Ein weiterer Artikel widmet sich dem Rebound-Phänomen nach Einnahme von Paxlovid™: Hat man eine COVID-19-Infektion mit Paxlovid™ abgemildert oder gar verhindert, kann es einige Tage nach Absetzen zu einem Wiederaufflammen der Infektion kommen. Dies kann nicht nur eine Bedeutung für die Erkrankung des Patienten selber, sondern auch für die Weiterverbreitung der Infektion haben. Ist ein Rebound-Phänomen nach Einnahme von Paxlovid™ wirklich häufiger als nach der Erkrankung selber? Was könnten mögliche Ursachen für diese Phänomen sein, was für Lösungsansätze bestehen?

Schließlich werden Einnahmefehler bei der Einnahme des Medikaments berichtet. Die Einnahme ist nicht ganz unkompliziert und 2 x täglich oder 1–0–1 als Vorschrift in der Kurve trifft nicht genau die Wirklichkeit: 2 Tabletten Nirmatrelvir morgens und 2 abends sowie je 1 Tablette Ritonavir morgens und abends sollen eingenommen werden. Das Nirmatrelvir wird in der Fachinformation und auf dem Blister von Paxlovid™ als „PF-07321332“ bezeichnet, der zum Zeitpunkt der Zulassung gültige Wirkstoffname. Obwohl der Aufdruck in der Schachtel eindeutige Anweisungen zur Einnahme gibt, scheinen diese Umstände doch gelegentlich zu einer verminderten Dosierung zu führen.

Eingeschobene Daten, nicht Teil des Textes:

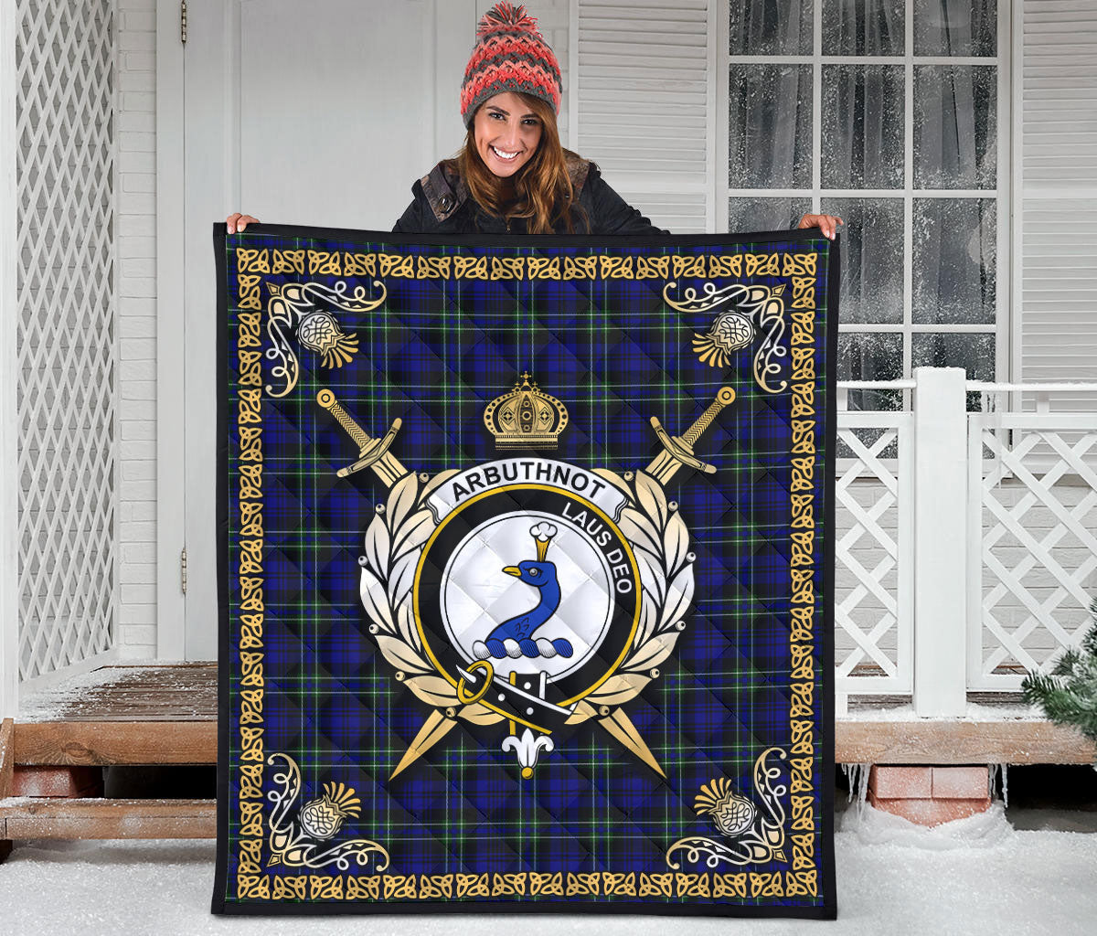 Arbuthnot Modern Tartan Crest Premium Quilt - Celtic Thistle Style

Wir sind immer auf der Suche nach spannenden Themen und Artikeln. Unabhängig und transparent beschäftigen wir uns mit neuen Arzneimitteln oder neuen Indikationen unter dem Motto: Was ist bei der Arzneimitteltherapie für die niedergelassene Ärztin / den niedergelassenen Arzt interessant und wichtig zu wissen? Worauf muss besonders geachtet werden? Aber auch für Krankenhausärztinnen und -ärzte wollen wir spannend bleiben und führen eine neue Rubrik ein: „Krankenhaus aktuell“, um explizit über aktuelle Themen und Probleme von Arzneiverordnungen im Klinikalltag, zu berichten. Sollte Ihnen eine wichtige Frage für diese Rubrik am Herzen liegen: Themenvorschläge sind uns jederzeit willkommen.

Literatur

  1. Bei Covid: Paxlovid TM. Pfizer 2022 Informationsblatt für Apothekerinnen und Apotheker. Beilage in der Deutschen Apothekerzeitung im November 2022.
  2. https://www.pfizerpro.de/inhaltsuebersicht/materialien. Zugriff mit DocCheck-Kennung. Letzter Zugriff: 1. Dezember 2022.

Interessenkonflikte

Der Autor erklärt, keine Interessenkonflikte zu haben.